一般的解决方案是decode使用正确的编码显式调用,而不是让 Python 使用默认值,然后encode使用结果。

But when the right encoding is already the one you want, the easier solution is to just skip the .decode('utf-8').encode('utf-8')and just use the UTF-8 stras the UTF-8 strthat it already is.

但是当正确的编码已经是您想要的编码时,更简单的解决方案是跳过.decode('utf-8').encode('utf-8')UTF-8 并使用 UTF-8str作为str它已经是的 UTF-8 。

Or, alternatively, if your MySQL wrapper has a feature to let you specify an encoding and get back unicodevalues for CHAR/VARCHAR/TEXTcolumns instead of strvalues (e.g., in MySQLdb, you pass use_unicode=Trueto the connectcall, or charset='UTF-8'if your database is too old to auto-detect it), just do that. Then you'll have unicodeobjects, and you can call .encode('utf-8')on them.

或者,如果你的MySQL包装有一个功能,让你指定的编码,并取回unicodeCHAR/ VARCHAR/TEXT列,而不是str值(例如,在MySQLdb的,你传递use_unicode=Trueconnect呼叫,或者charset='UTF-8'如果你的数据库是太旧,自动-检测它),就这样做。
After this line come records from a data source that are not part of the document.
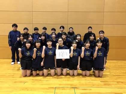 本校女子卓球部は、本日行われた全国中学校選抜卓球大会県予選にて2位となり,全国大会出場権を獲得しました。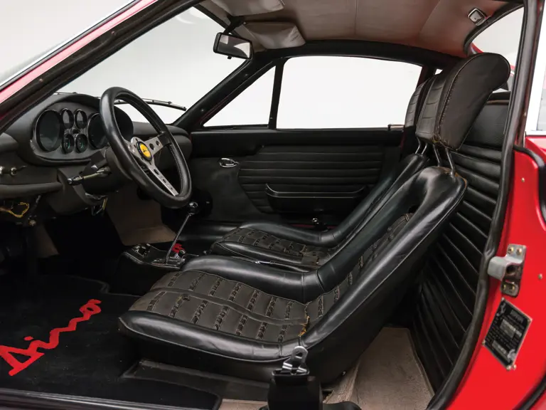 Chassis number 04970 was completed by the factory in November 1972, appointed with air conditioning and power windows, and finished in rosso chiaro with a black leather interior. Specified for the American market with instruments in miles, the 246 GT was also equipped with new optional 7½-in. Campagnolo wheels, which required special flaring of the fenders. By virtue of also being appointed with Daytona-style seats, this Dino is a legitimate factory-equipped ‘Chairs & Flares’ coupe, of which only five examples are known to have been specified for the U.S.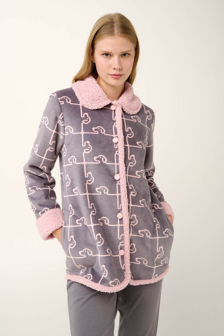 Γυναικεία Ρόμπα με Φερμουάρ σε Σκύλο-Παζλ Μοτίβο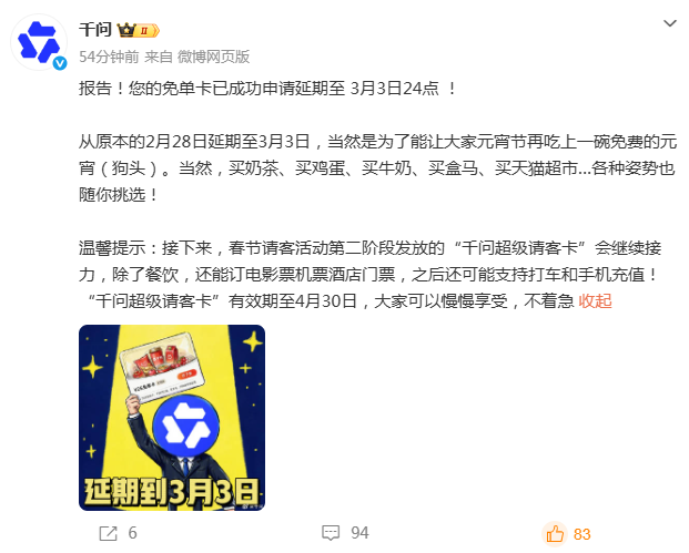 2月27日,千问官方微博称:报告!您的免单卡已成功申请延期至3月3日24点!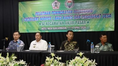 Banua Update, Barito Kuala – Pemerintah Kabupaten Barito Kuala menunjukkan komitmen dalam meningkatkan kualitas pelayanan publik di tingkat desa melalui pelatihan “Excellent Service” bagi kepala desa dan perangkat desa se-Kecamatan Anjir Pasar. Pelatihan ini dibuka langsung oleh Bupati Barito Kuala, H. Bahrul Ilmi, pada Jumat (11/4/2025) di Hotel Nasa, Banjarmasin.
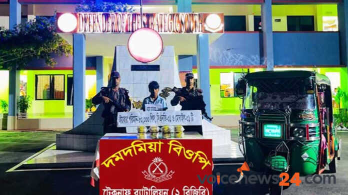 টেকনাফ ২ বিজিবি অধিনায়ক লে. কর্নেল শেখ খালিদ মোহাম্মদ ইফতেখার জানান, টেকনাফ থেকে কক্সবাজারগামী একটি অটোরিকশা দমদমিয়া সড়কের চেকপোস্টে পৌঁছলে গাড়িটিতে তল্লাশি চালান বিজিবি সদস্যরা।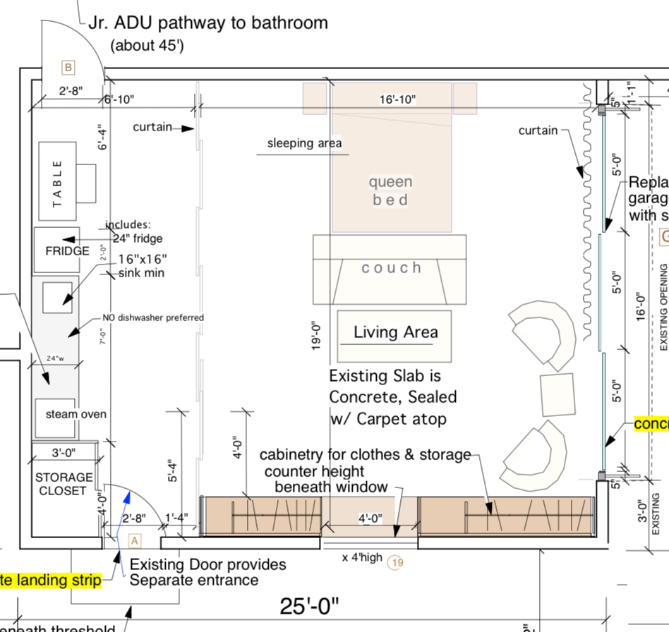 For 2 years, we have debated converting our garage into a legal Junior ADU (Accessory Dwelling Unit). With teen children still living at home, I fantasize about having a living room with no television. Images of reading a book in front of the fire, taking a nap on the sofa, or putting together a puzzle on the coffee table dance in my head. The living room could transform into a calming space without a television. Plus, an ADU would down the road come in handy. We have retirement dreams of traveling and the plan, ideally, would be to load our personal items into the ADU and rent the house out while we travel for a year abroad. An ADU is also a great option for extra income in retirement. We could have a renter. We could also use it for a caregiver if one of us would need one down the road.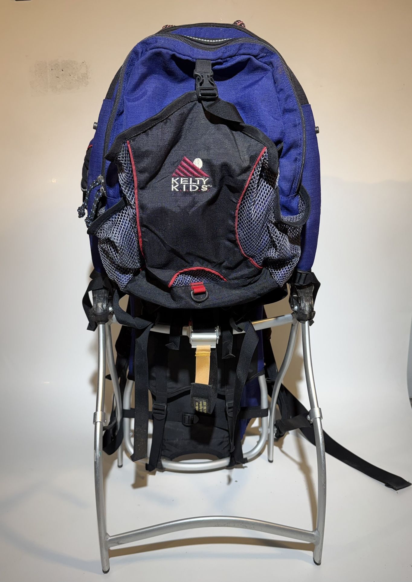 Kelty Kids framed child carrier backpack for hiking, walks, and travel. Sturdy aluminum frame with adjustable straps and multiple pockets for gear. Great for babies/toddlers who can sit up. Features: Kelty Kids branded carrier Lightweight frame with stand for easy loading Adjustable harness/straps and hip belt Storage pockets and mesh side pockets Color: blue/black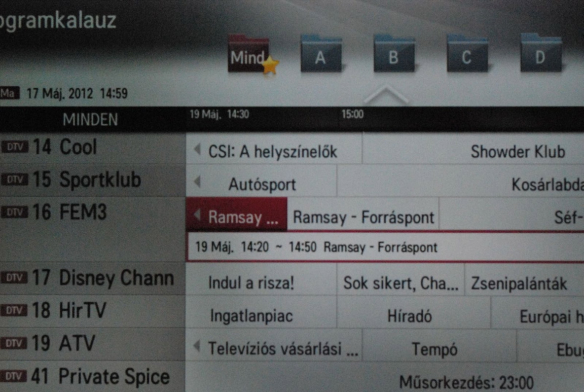 Természetesen az elektronikus programmagazin sem hiányzik, melynek felépítésében a már jól bevált módszert követték: a hasábos rendszer átlátható és logikus. Egyszerre nyolc különböző adó három órányi műsora látható a képernyőn. Sajnos ezek típusuk (tehát például film, sport, hír stb.) szerint nem listázhatóak ki, viszont az Info gomb megnyomásával a kijelölt adás tartalma lekérhető. Persze a műsorrögzítés előre beprogramozása is működik egyetlen gombnyomással, de ennek értelemszerűen feltétele az, hogy legyen csatlakoztatva az USB porton keresztül egy külső merevlemez. Túlzás lenne azt állítani, hogy ez a legszebb EPG a piacon, de használhatónak használható, és ez a lényeg.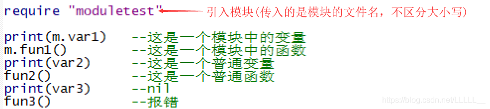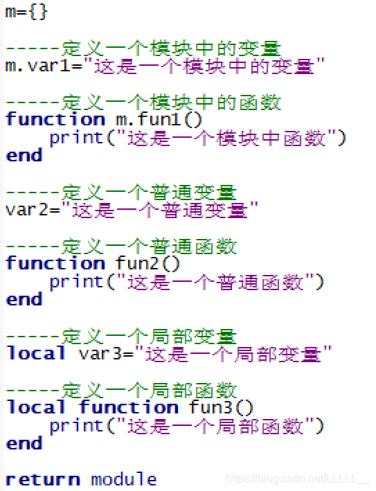 Lua中的模块就是一个封装库,类似于C#的命名空间,可以把公有的变量和方法放在一个文件中,以 API 接口的形式在其他地方调用,有利于代码的重用和降低代码耦合度

然后你会有unicode对象,你可以调用.encode('utf-8')它们。

In general, the best way to deal with Unicode problems is the last one—decode everything as early as possible, do all the processing in Unicode, and then encode as late as possible. But either way, you have to be consistent. Don't call stron something that might be a unicode; don't concatenate a strliteral to a unicodeor pass one to its replacemethod; etc. Any time you mix and match, Python is going to implicitly convert for you, using your default encoding, which is almost never what you want.

通常,处理 Unicode 问题的最佳方法是最后一种方法——尽可能早地解码所有内容,以 Unicode 进行所有处理,然后尽可能晚地进行编码。但无论哪种方式,你都必须保持一致。不要调用str可能是unicode; 的东西。不要将str文字连接到 aunicode或将其传递给它的replace方法;等等。任何时候你混合和匹配,Python 都会为你隐式转换,使用你的默认编码,这几乎从来不是你想要的。

As a side note, this is one of the many things that Python 3.x's Unicode changes help with. First, stris now Unicode text, not encoded bytes. More importantly, if you haveencoded bytes, e.g., in a bytesobject, calling encodewill give you an AttributeErrorinstead of trying to silently decode so it can re-encode. And, similarly, trying to mix and match Unicode and bytes will give you an obvious TypeError, instead of an implicit conversion that succeeds in some cases and gives a cryptic message about an encode or decode you didn't ask for in others.

作为旁注,这是 Python 3.x 的 Unicode 更改所提供的众多帮助之一。首先,str现在是 Unicode 文本,而不是编码字节。更重要的是,如果您字节进行了编码,例如,在一个bytes对象中,调用encode将为您提供一个AttributeError而不是尝试静默解码以便它可以重新编码。并且,类似地,尝试混合和匹配 Unicode 和字节会给您一个明显的TypeError,而不是在某些情况下成功的隐式转换,并提供有关您在其他情况下没有要求的编码或解码的神秘信息。